Pictures excluded, retype the lines from the one containing "This way, in" through the last line of the data below, both included.

*** Opening of INFORMATION SUPPLIED ***

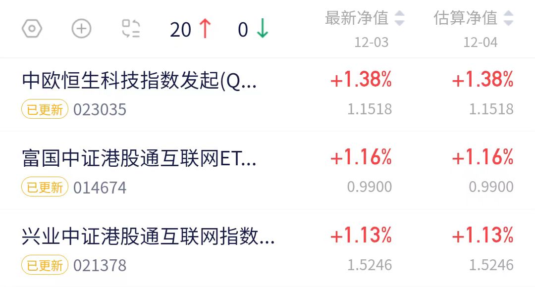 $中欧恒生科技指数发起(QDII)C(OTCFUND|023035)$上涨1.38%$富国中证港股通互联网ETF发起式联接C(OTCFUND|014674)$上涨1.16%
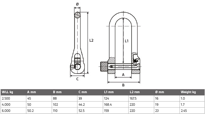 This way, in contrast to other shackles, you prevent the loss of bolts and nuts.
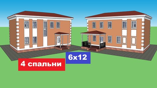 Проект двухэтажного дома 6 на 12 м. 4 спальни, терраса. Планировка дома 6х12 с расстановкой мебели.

*** Close of INFORMATION SUPPLIED ***

▸ **REPLY**:
 This way, in contrast to other shackles, you prevent the loss of bolts and nuts.
 Проект двухэтажного дома 6 на 12 м. 4 спальни, терраса. Планировка дома 6х12 с расстановкой мебели.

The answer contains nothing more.